Geographic Penetration
The push into tier-2 and tier-3 cities represents ONDC's most significant opportunity. These regions are driving India e-commerce growth, with rural online shoppers expected to grow at 22 percent CAGR through 2026. ONDC's lower barriers make it particularly well-suited for these emerging markets where local sellers and consumers are just beginning their digital commerce journeys.
How Can Businesses and Consumers Participate?
For Sellers
Getting started requires choosing a seller app (also called seller-side platforms) compatible with ONDC. Several options exist with varying features and pricing:
1. Assess Digital Readiness: Use the DigiReady Certification portal to evaluate your preparedness
2. Select a Seller Platform: Choose based on your category, technical capabilities, and budget
3. Complete Integration: Set up inventory management, order processing, and logistics connections
4. List Products: Catalog your offerings with clear descriptions, pricing, and images
5. Go Live: Your products become discoverable across all ONDC buyer apps
For Consumers
Consumer participation is even simpler—just download any ONDC-enabled buyer app and start shopping. The beauty of the network is that you do not need to understand the underlying technology. Search for what you need, compare options from multiple sellers, and complete your purchase just like any other e-commerce transaction.
The Bottom Line
ONDC represents something genuinely novel in the global e-commerce landscape—a government-led initiative to democratize digital commerce through open protocols rather than corporate platforms. The concept draws inspiration from India's success with UPI, which transformed digital payments from platform-locked systems to an interoperable network anyone could access.

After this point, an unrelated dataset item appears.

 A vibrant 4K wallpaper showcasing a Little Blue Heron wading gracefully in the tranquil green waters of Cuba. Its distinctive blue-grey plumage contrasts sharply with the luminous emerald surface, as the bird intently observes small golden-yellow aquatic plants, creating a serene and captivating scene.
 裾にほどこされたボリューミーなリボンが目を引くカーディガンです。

Will ONDC achieve its ambitious goals? The early indicators are promising. Growing from essentially zero to nearly 9 million monthly transactions in roughly two years demonstrates real momentum. The fact that 84 percent of sellers are small businesses validates the inclusive growth model.

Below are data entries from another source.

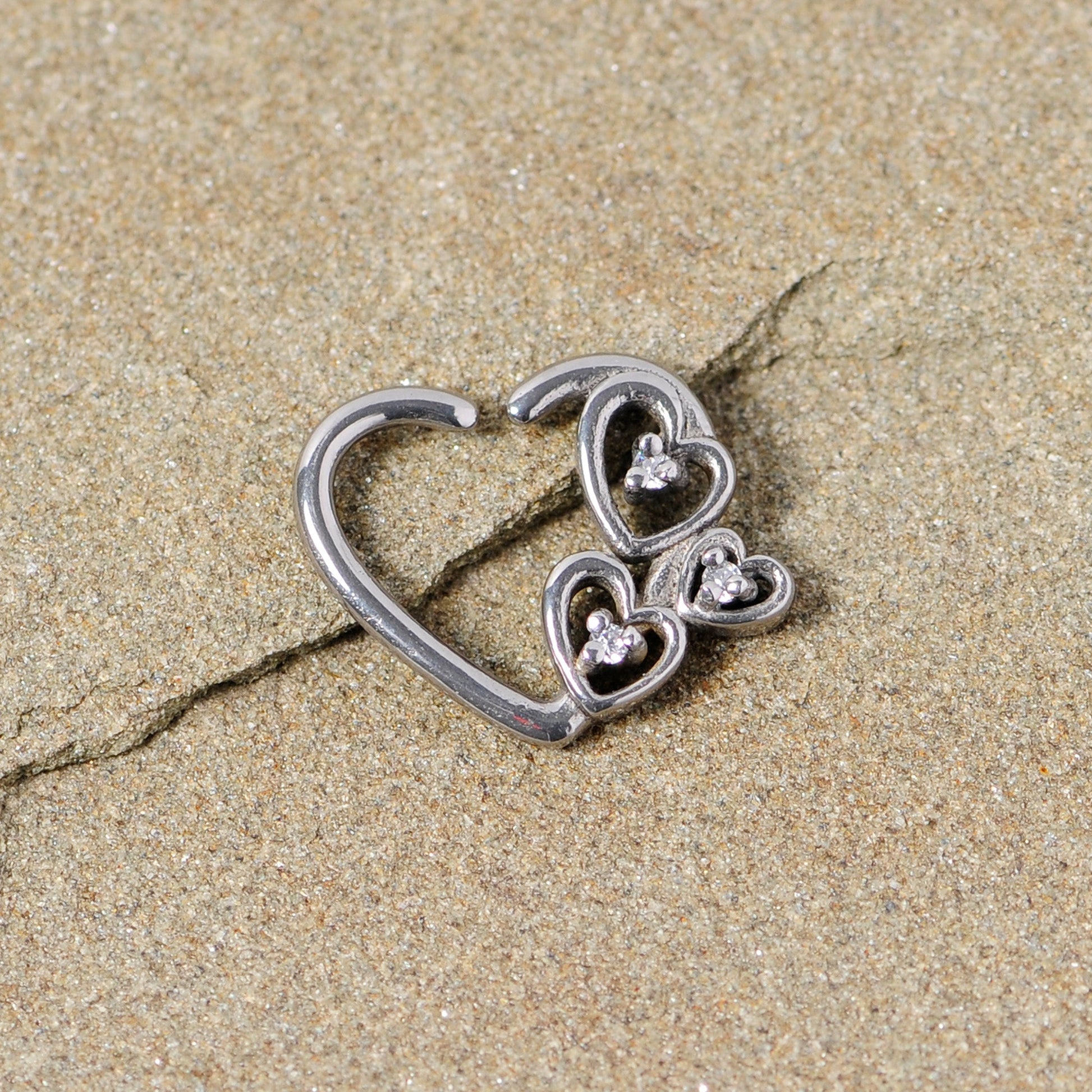 You're going to love this 16 gauge cartilage earring so much that you'll be seeing hearts everywhere! It's 10mm and made with 316L surgical grade stainless steel. The heart-shaped cartilage ring features a trio of smaller hearts, each one set with a clear cubic zirconia gem at the center. Designed to be worn in the left ear, this closure ring is super easy to insert and remove - just give it a light twist, insert it into your piercing and gently bend it closed. You'll love that because it works so well in multiple cartilage piercings including the daith, tragus, rook, and helix. You're sure to fall in love with all those options!Specifications
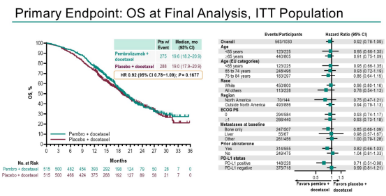 Pembrolizumab plus docetaxel for patients with metastatic castration-resistant prostate cancer(mCRPC):Randomized,double-blind,phase 3 KEYNOTE-921 study.(摘要号:19)
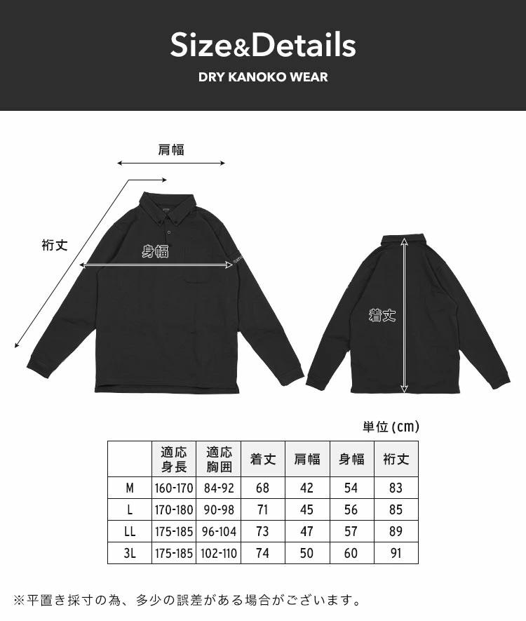 【ドライカノコ長袖ポロシャツ】作業用に最適な機能性を備えたドライカノコ長袖ポロシャツ。紫外線カット機能により、強い日差しから肌を守りながら、吸水速乾機能が汗を素早く吸収・乾燥させ、快適な着心地を保ちます。軽量で動きやすい素材を使用しており、長時間の作業もストレスフリーです。脇下には消臭テープ付きなので業中の不快な臭いを軽減し、清潔感を維持できます。また、左袖にはリフレクターロゴが付いており、夜間や暗がりでも視認性を高めるため安全性にも配慮されています。鹿の子素材を採用しているため、肌触りが良く、通気性も抜群です。サイズ展開も豊富で、Mから3Lまでご用意しておりますので、様々な体型に対応可能です。作業着として着用はもちろん、スポーツやアウトドア、日常使いにも適しています。
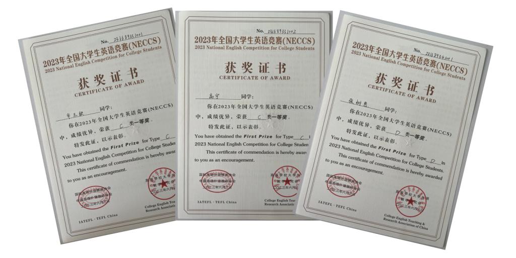 2023年全国大学生英语竞赛(NECCS)全国总决赛于8月份顺利闭幕。我校教育学院3名同学入围全国大学生英语竞赛省赛决赛,学校获优秀组织奖。

Yet significant challenges remain. Building consumer awareness, maintaining quality standards, and competing with entrenched platforms that have deeper pockets and years of operational refinement will not be easy. Traditional e-commerce giants are not standing still either—they are improving their offerings and may even co-opt ONDC's best ideas.
What makes ONDC fascinating is not just its technical architecture or growth numbers. It is the fundamental question it asks: Should digital commerce infrastructure be controlled by private platforms or function as public digital infrastructure accessible to all? India's experiment with ONDC could well set the template for how other countries approach this question.
For sellers, especially small businesses previously locked out of digital commerce, ONDC offers a genuine opportunity to participate in India's digital economy. For consumers, it promises more choice and potentially better prices. Whether these promises fully materialize depends on execution, adoption, and whether the network can deliver consistent quality at scale.
The story of ONDC is still being written. But it is a story worth watching—not just for anyone interested in Indian commerce, but for anyone curious about how technology and policy can reshape markets toward more inclusive outcomes.